I was doing a hop and pop from 6k and pulled at 4k5.

I had a poor opening, it spun me 180 degrees then suddenly spun me again another 180 degrees.

I thought it was going to induce twists but it didnt.

For a short time everything seemed to be alright after that - the left end cells werent fully inflated but they soon inflated.

I just thought to myself it was a bad opening.

As I went to reach for my toggles the canopy suddenly dived to the right before I had chance to unstow them.

Because of the strange opening and because it was uncontrollably diving to the right I knew something wasnt right so decided to chop.

I cut away and pulled my reserve without further incident.

When I landed an instrcutor and myself inspected the main and saw that the left toggle was unstowed, therefore concluding it was a brake fire.

The instructor said it sounded like a brake fire before even inspecting the main.

If I had realised what the problem was and reacted quickly enough I presume I could have unstowed the right toggle and wouldnt have needed to chop ?

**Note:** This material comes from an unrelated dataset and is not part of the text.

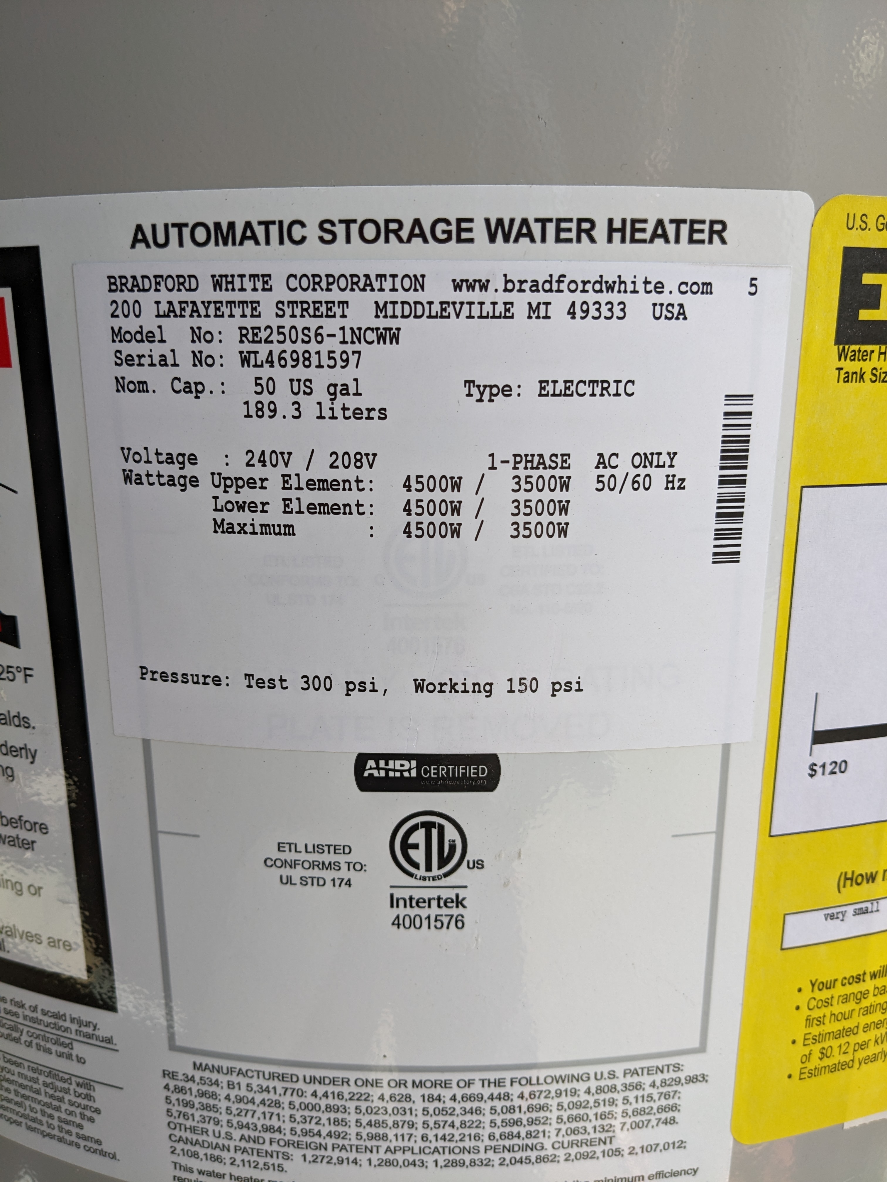Bradford White corp. Branded 50 gal water heater !

But at the time I didnt know what the problem was and wasted no time in getting off it.

My question is, how did the toggle become unstowed and how can I ensure it doesnt happen again ?

Afterall, I had packed it !

Thinking back to when I packed it, I remember the left toggle seemed to be stowed a bit strange, but after a quick look it appeared to be alright.

So maybe I didnt stow the toggle correctly afterall ?

But people have also said its can be just one of those things and that sometimes on opening a toggle can become unstowed, especially on toggles without velcro.

I will obviously pay closer attention to my stowed toggles in future.

I tend to stow my toggles when I land so as not to induce twists in the brake lines.

Has anyone had any similar experiences or can anyone offer advice to prevent this from happening again ?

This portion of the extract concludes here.